[Stored dataset items]
▬▬▬▬▬▬

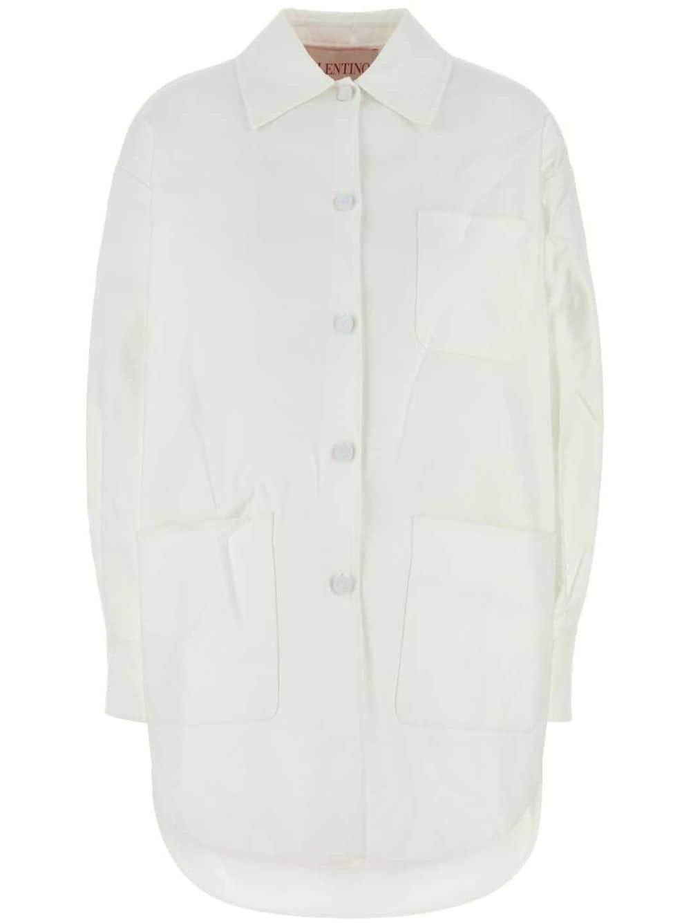 button-up shirt jacket Highlights - White - Cotton blend - Front button fastening - Pointed flat collar - Long sleeves - Buttoned cuffs - Chest patch pocket - Two front patch pockets - Curved hem Made in Italy Composition Cotton 99%, Nylon 1%
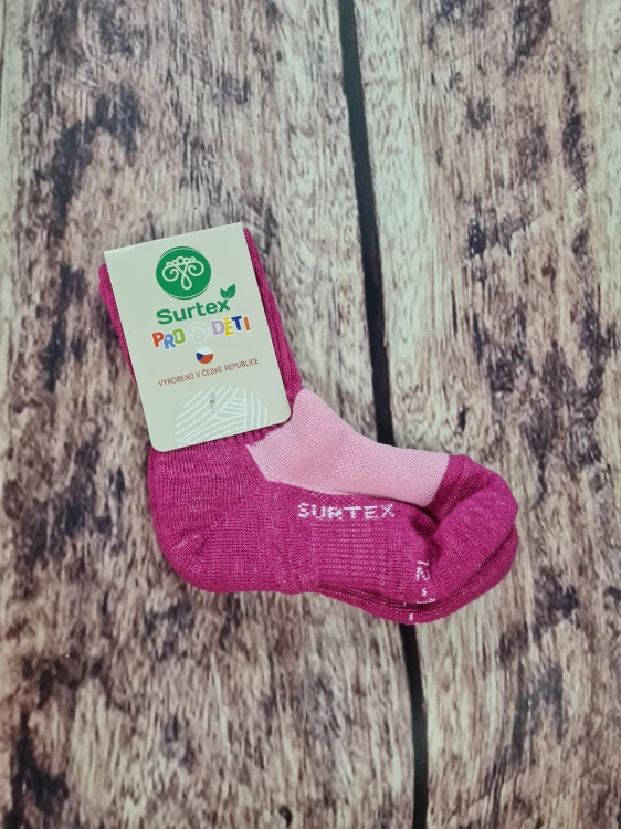 Teplé Surtex merino ponožky pro děti - volný lem. Opravdu teplé merino ponožky určené na zimu. Značení velikosti je podle skutečných cm velikosti nohy, ne podle velikosti boty. Tabulka velikostí viz níže. Upozornění: barvy ponožek výrobce v průběhu sezóny často mění, vyrábí se různé kombinace barev ... celý popis
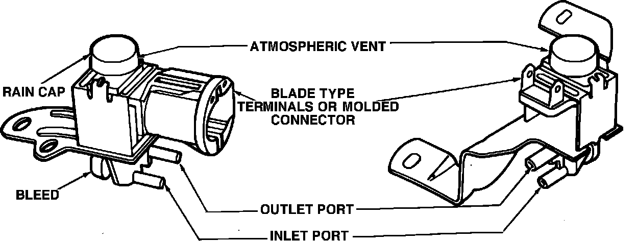 There are three types of solenoid vacuum valve assemblies, Figs. 24, 25 and 26. The normally closed solenoid vacuum valve assembly incorporates two vacuum ports and an atmospheric vent. When the solenoid is de-energized, the vacuum valve assembly outlet port is open to the atmospheric vent and closed to the inlet port. When the solenoid is energized, outlet port is open to the inlet port and closed to the atmospheric vent. Some normally closed solenoid vacuum valves also incorporate a control bleed to prevent contamination from the solenoid vacuum valve from entering the intake manifold. This solenoid valve assembly can be used in the exhaust heat control valve , throttle kicker, air dump or air diverter valve systems.
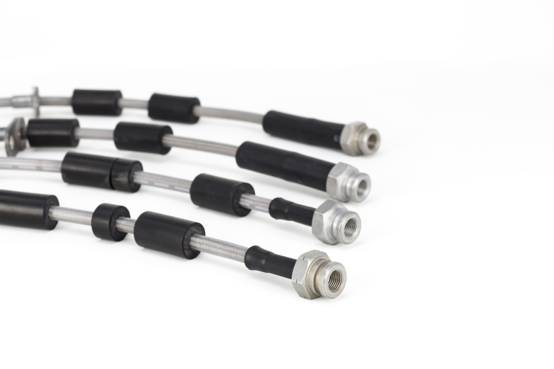 Goodridge stainless steel brake or clutch hose kits are available to suit all models of car, whatever the make. Kits feature the finest quality hose, consisting of a PTFE inner with a stainless steel outerbraid. This eliminates the spongy pedal feel under arduous conditions, giving greater braking efficiency or clutch operation as well as providing superior resistance to abrasion and corrosion. These kits, therefore, not only provide the reliability and safety demanded but offer brilliant good looks that improve the appearance of any installation. Most brake and clutch lines car kit specifications are on file but any additional information is always appreciated. Goodridge G-Stop Brake Line Kits are constructed from the finest quality hose, consisting of a PTFE inner and stainless steel overbraid. Replacing OE brake lines with -03 PTFE hose improves brake feel over factory lines, eliminates sponginess, and provides shorter stopping distances and consistent braking in performance applications.. Goodridge 14-19 Ford Fiesta ST Stainless Steel Brake Line Kit. Terrific Performance Enhancement And Safety Improvement. More Consistent Pedal Response Under Heavy Braking. G-STOP SS Braided Brake Line Kit; Incl. 4 Lines;. Reduced Pedal Chatter When Use With ABS System. 9-Point Quality Assurance Testing Process. Eliminates Sponginess Under Braking. Conform To All Federal Requirements. G-STOP SS Braided Brake Line Kit. Abrasion and Corossion Resistent. Extended Lines For Lift Kits. Increases Braking Efficiency. Reduces Stopping Distance. Lifetime Warranty. D.O.T. Compliant. Brake Hose Kit
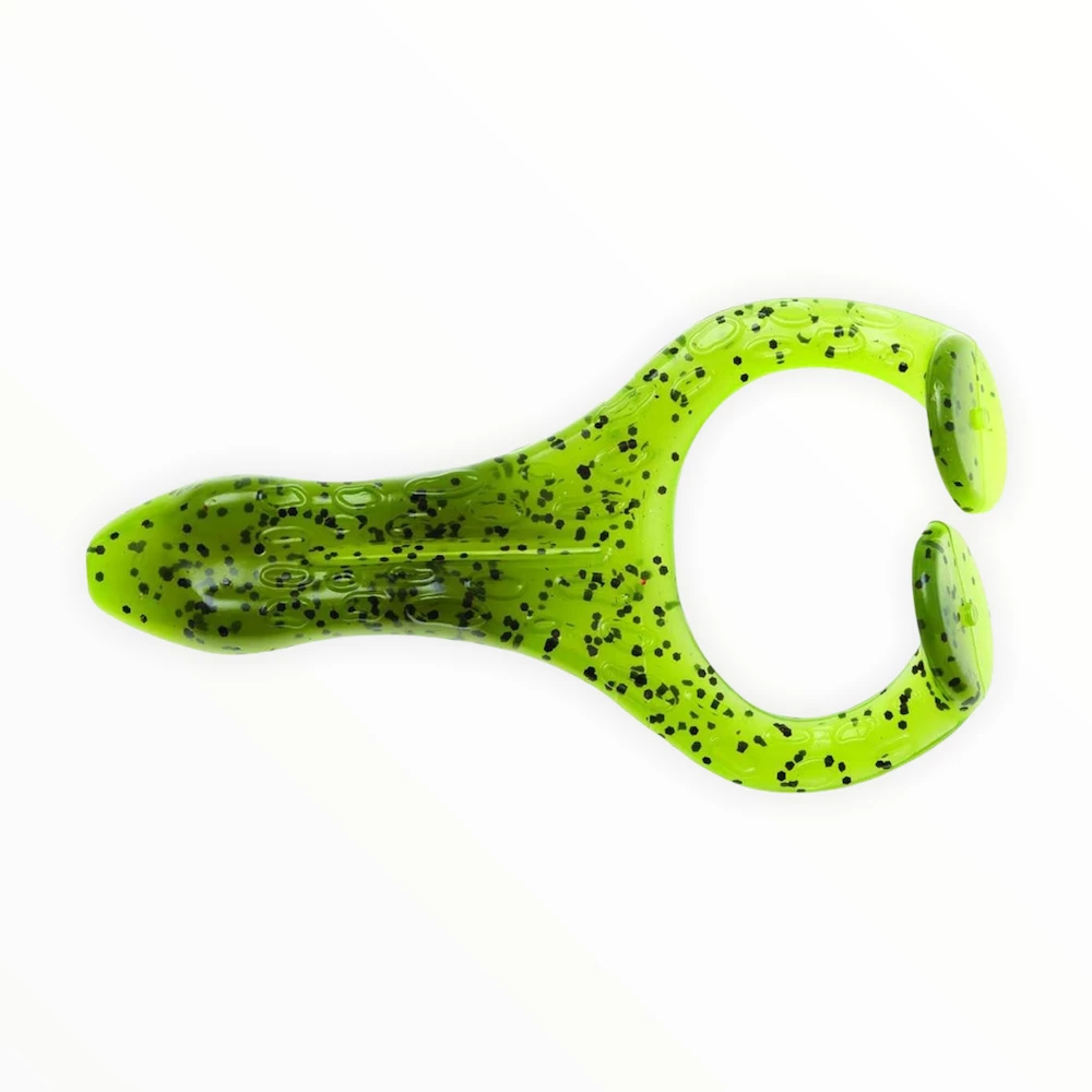 Topwater fishing fanatics, rejoice! Our dynamic Hard Leg FrogZ produce a lively, paddle foot swimming action. Extremely buoyant–floating even when rigged with the largest of magnum-sized hooks–this four-inch super amphibian is virtually indestructible and swims easily through the thickest of surface cover.
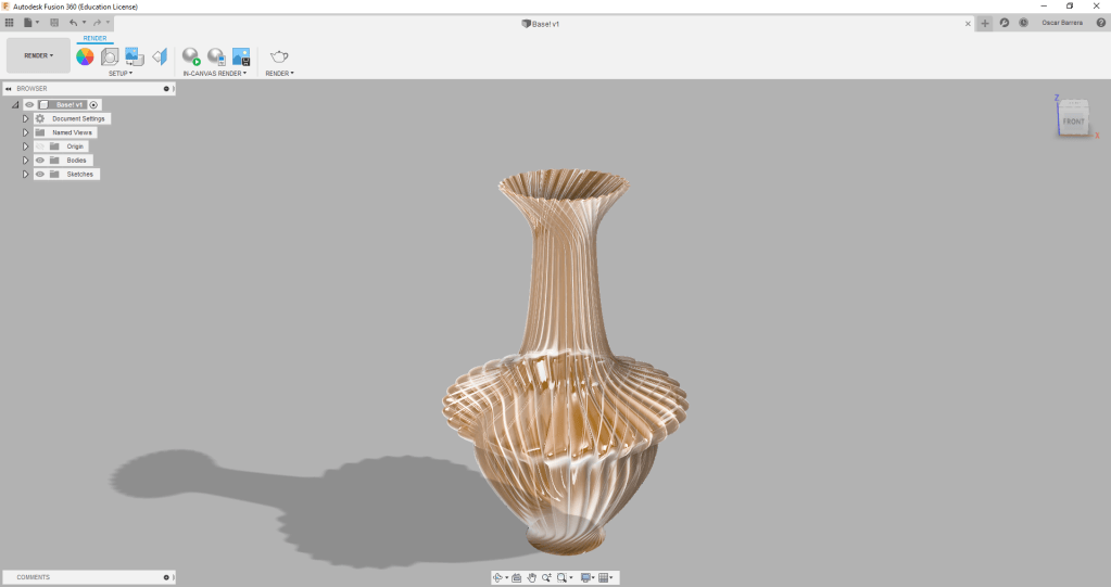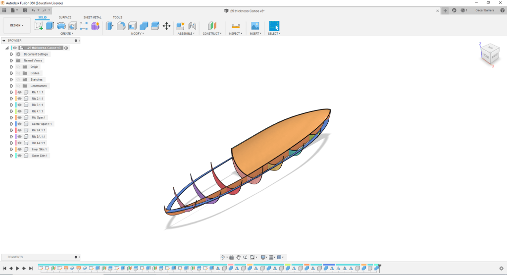 After a couple of weeks learning different tools in Fusion, this simple looking canoe has been more than a challenge to make, with multiple sections and separated components to make a whole body, when they are all together! This way multiple pieces can be put together to form enormous objects.
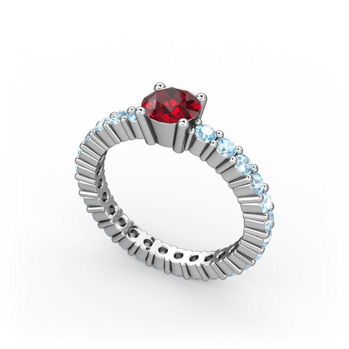 Garnet ve akuamarin 925 ayar gümüş yüzük
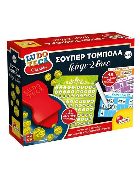 Το πιο κλασικό παιχνίδι διακοπών σε μια πρωτότυπη έκδοση "σημαδέψτε και σβήστε"! Αυτή η Τόμπολα περιέχει 8 ειδικούς μαρκαδόρους για να σημειώσετε τους αριθμούς που τραβήχτηκαν στις κάρτες. Μόλις τελειώσει το παιχνίδι, μπορείτε να τα σβήσετε όλα και να ξεκινήσετε ένα καινούριο για να προσπαθήσετε να κερδίσετε ξανά.
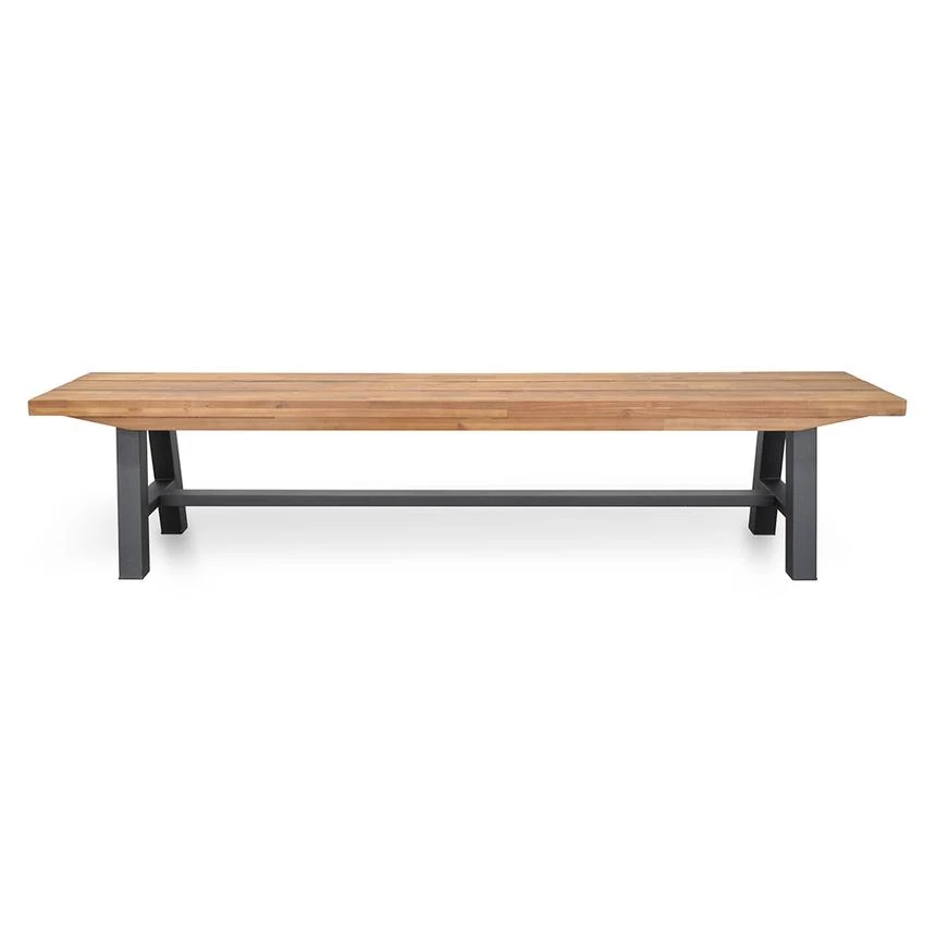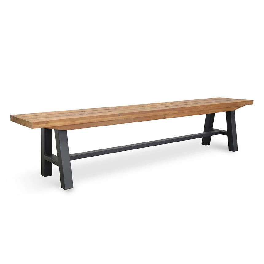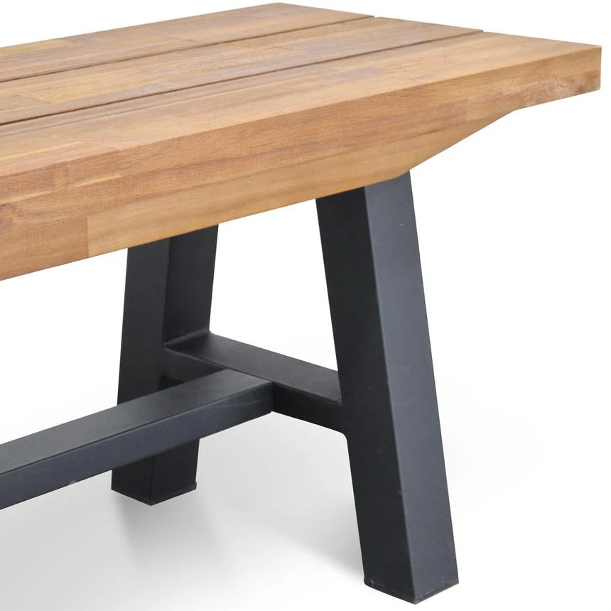 Solid acacia wood for a stylish, enduring and stable structure Black finish offers a protective coating for a design made to last Warm timber tones showcase natural appeal and rustic edge for your living space Angular legs create relaxed, timeless style and Scandinavian good looks Strong steel base for industrial texture and incredible resistance over time Ideal seating not only for your dining area, but also the entryway or patio Suitable for Indoor or Outdoor use It’s recommended to treat the timber with a PU lacquer Note: Although the this item is weather proof, as with all Outdoor products, to preserve the longevity of the product, it’s recommended this product is kept under cover from harsh Australian elements.
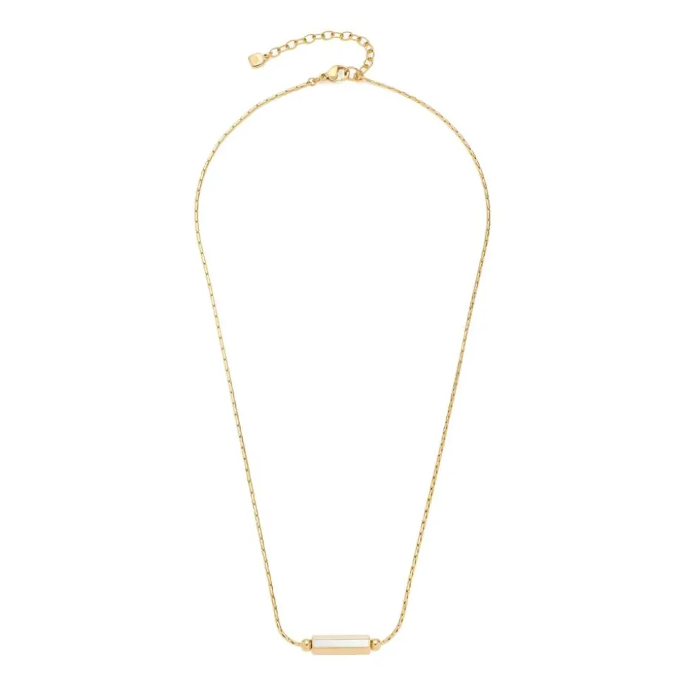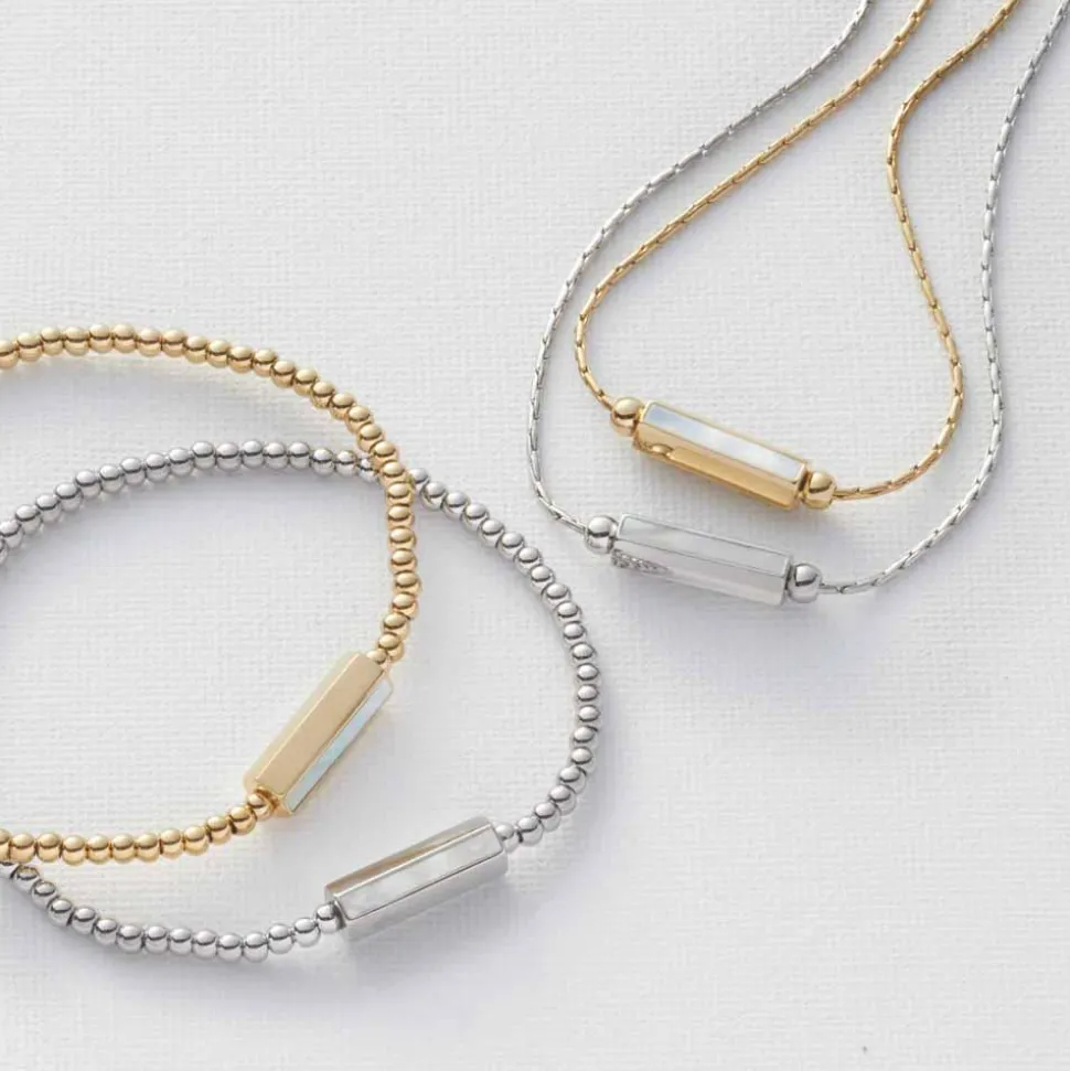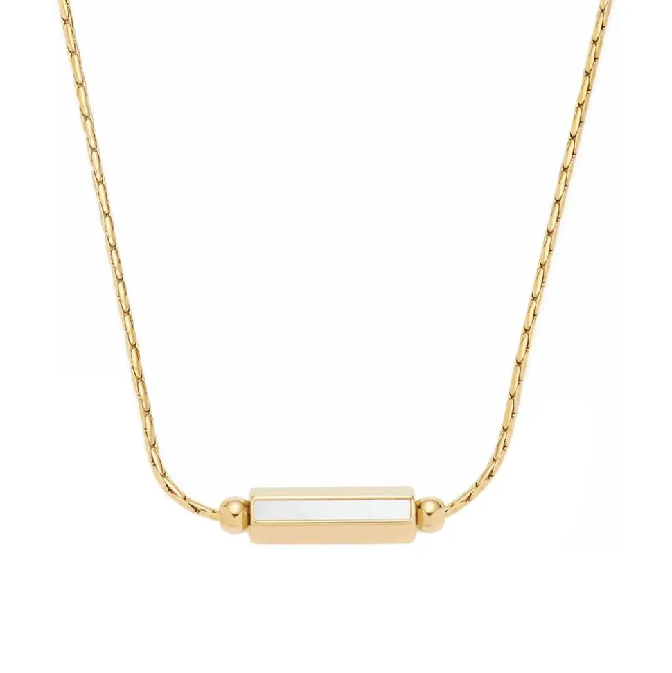 Mit einem ansprechenden Design begeistert diese Halskette für Damen. Sie ist goldfarben ionenplattiert und besitzt eine fantasievolle Kettengliederung. Ein sechseckiges Schmuckelement in Zylinderform ziert die Kette. Dieses ist teilweise mit weißem Perlmutt versehen und kann individuell graviert werden. Eine vergoldete Edelstahlperle auf jeder Seite des Schmuckelements rundet das Design ab. Verschlossen wird die Kette mit einem Karabiner.

▬▬▬▬▬▬

* [Required work]:
A verbatim copy of the data, pictures removed, is the expected result.

* [Task solution]:
 button-up shirt jacket Highlights - White - Cotton blend - Front button fastening - Pointed flat collar - Long sleeves - Buttoned cuffs - Chest patch pocket - Two front patch pockets - Curved hem Made in Italy Composition Cotton 99%, Nylon 1%
 Teplé Surtex merino ponožky pro děti - volný lem. Opravdu teplé merino ponožky určené na zimu. Značení velikosti je podle skutečných cm velikosti nohy, ne podle velikosti boty. Tabulka velikostí viz níže. Upozornění: barvy ponožek výrobce v průběhu sezóny často mění, vyrábí se různé kombinace barev ... celý popis
 There are three types of solenoid vacuum valve assemblies, Figs. 24, 25 and 26. The normally closed solenoid vacuum valve assembly incorporates two vacuum ports and an atmospheric vent. When the solenoid is de-energized, the vacuum valve assembly outlet port is open to the atmospheric vent and closed to the inlet port. When the solenoid is energized, outlet port is open to the inlet port and closed to the atmospheric vent. Some normally closed solenoid vacuum valves also incorporate a control bleed to prevent contamination from the solenoid vacuum valve from entering the intake manifold. This solenoid valve assembly can be used in the exhaust heat control valve , throttle kicker, air dump or air diverter valve systems.
 Goodridge stainless steel brake or clutch hose kits are available to suit all models of car, whatever the make. Kits feature the finest quality hose, consisting of a PTFE inner with a stainless steel outerbraid. This eliminates the spongy pedal feel under arduous conditions, giving greater braking efficiency or clutch operation as well as providing superior resistance to abrasion and corrosion. These kits, therefore, not only provide the reliability and safety demanded but offer brilliant good looks that improve the appearance of any installation. Most brake and clutch lines car kit specifications are on file but any additional information is always appreciated. Goodridge G-Stop Brake Line Kits are constructed from the finest quality hose, consisting of a PTFE inner and stainless steel overbraid. Replacing OE brake lines with -03 PTFE hose improves brake feel over factory lines, eliminates sponginess, and provides shorter stopping distances and consistent braking in performance applications.. Goodridge 14-19 Ford Fiesta ST Stainless Steel Brake Line Kit. Terrific Performance Enhancement And Safety Improvement. More Consistent Pedal Response Under Heavy Braking. G-STOP SS Braided Brake Line Kit; Incl. 4 Lines;. Reduced Pedal Chatter When Use With ABS System. 9-Point Quality Assurance Testing Process. Eliminates Sponginess Under Braking. Conform To All Federal Requirements. G-STOP SS Braided Brake Line Kit. Abrasion and Corossion Resistent. Extended Lines For Lift Kits. Increases Braking Efficiency. Reduces Stopping Distance. Lifetime Warranty. D.O.T. Compliant. Brake Hose Kit
 Topwater fishing fanatics, rejoice! Our dynamic Hard Leg FrogZ produce a lively, paddle foot swimming action. Extremely buoyant–floating even when rigged with the largest of magnum-sized hooks–this four-inch super amphibian is virtually indestructible and swims easily through the thickest of surface cover.
 After a couple of weeks learning different tools in Fusion, this simple looking canoe has been more than a challenge to make, with multiple sections and separated components to make a whole body, when they are all together! This way multiple pieces can be put together to form enormous objects.
 Garnet ve akuamarin 925 ayar gümüş yüzük
 Το πιο κλασικό παιχνίδι διακοπών σε μια πρωτότυπη έκδοση "σημαδέψτε και σβήστε"! Αυτή η Τόμπολα περιέχει 8 ειδικούς μαρκαδόρους για να σημειώσετε τους αριθμούς που τραβήχτηκαν στις κάρτες. Μόλις τελειώσει το παιχνίδι, μπορείτε να τα σβήσετε όλα και να ξεκινήσετε ένα καινούριο για να προσπαθήσετε να κερδίσετε ξανά.
 Solid acacia wood for a stylish, enduring and stable structure Black finish offers a protective coating for a design made to last Warm timber tones showcase natural appeal and rustic edge for your living space Angular legs create relaxed, timeless style and Scandinavian good looks Strong steel base for industrial texture and incredible resistance over time Ideal seating not only for your dining area, but also the entryway or patio Suitable for Indoor or Outdoor use It’s recommended to treat the timber with a PU lacquer Note: Although the this item is weather proof, as with all Outdoor products, to preserve the longevity of the product, it’s recommended this product is kept under cover from harsh Australian elements.
 Mit einem ansprechenden Design begeistert diese Halskette für Damen. Sie ist goldfarben ionenplattiert und besitzt eine fantasievolle Kettengliederung. Ein sechseckiges Schmuckelement in Zylinderform ziert die Kette. Dieses ist teilweise mit weißem Perlmutt versehen und kann individuell graviert werden. Eine vergoldete Edelstahlperle auf jeder Seite des Schmuckelements rundet das Design ab. Verschlossen wird die Kette mit einem Karabiner.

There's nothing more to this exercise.